### [WORK TO BE COMPLETED]
Retype, without pictures, the line holding "- La petite" and each line below it through the final line.
*** DATA Section Begins ***
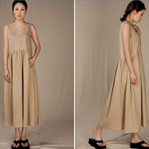 Angel&Lily 3 Colors Handmade Linen Maxi SummerBeach Dress plus1x-10x(SZ16-52)
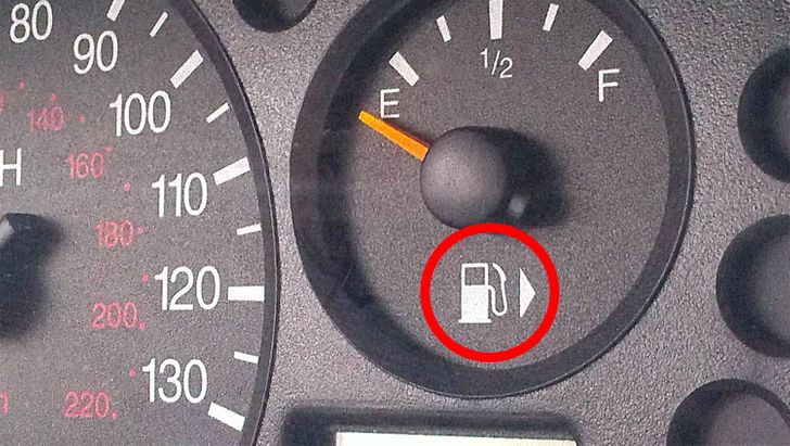 - La petite flèche à côté du symbole d’une pompe à essence à proximité de la jauge de carburant
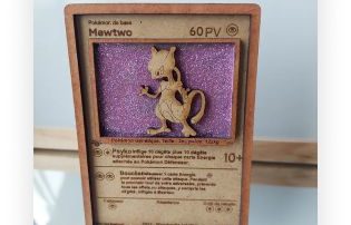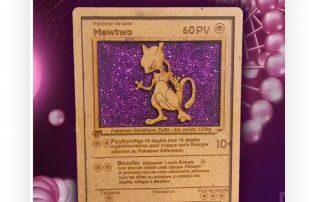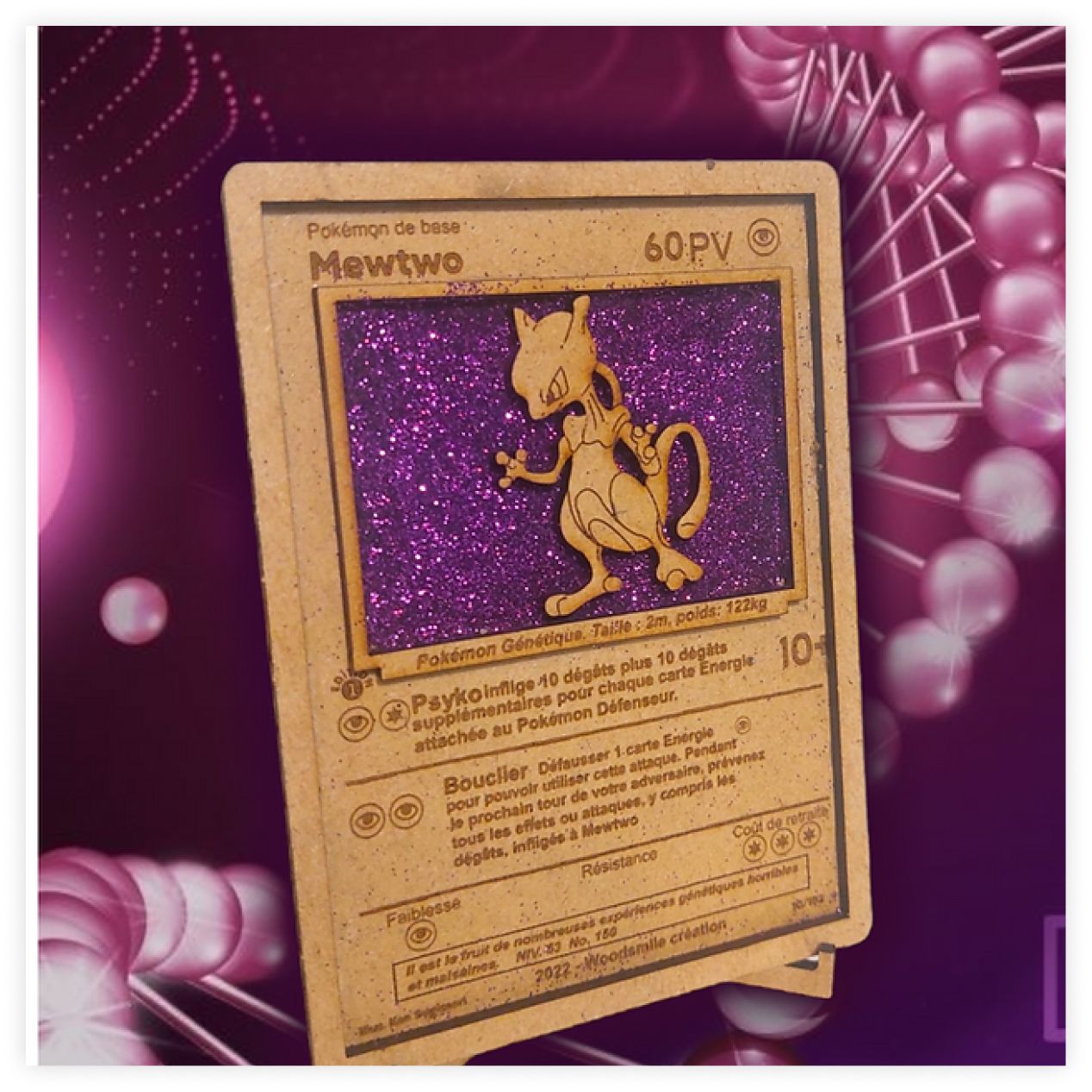 Carte pokémon en bois Mewto 1ère Edition holographique
*** DATA Section Ends ***
### [WRITTEN RESPONSE]
 - La petite flèche à côté du symbole d’une pompe à essence à proximité de la jauge de carburant
 Carte pokémon en bois Mewto 1ère Edition holographique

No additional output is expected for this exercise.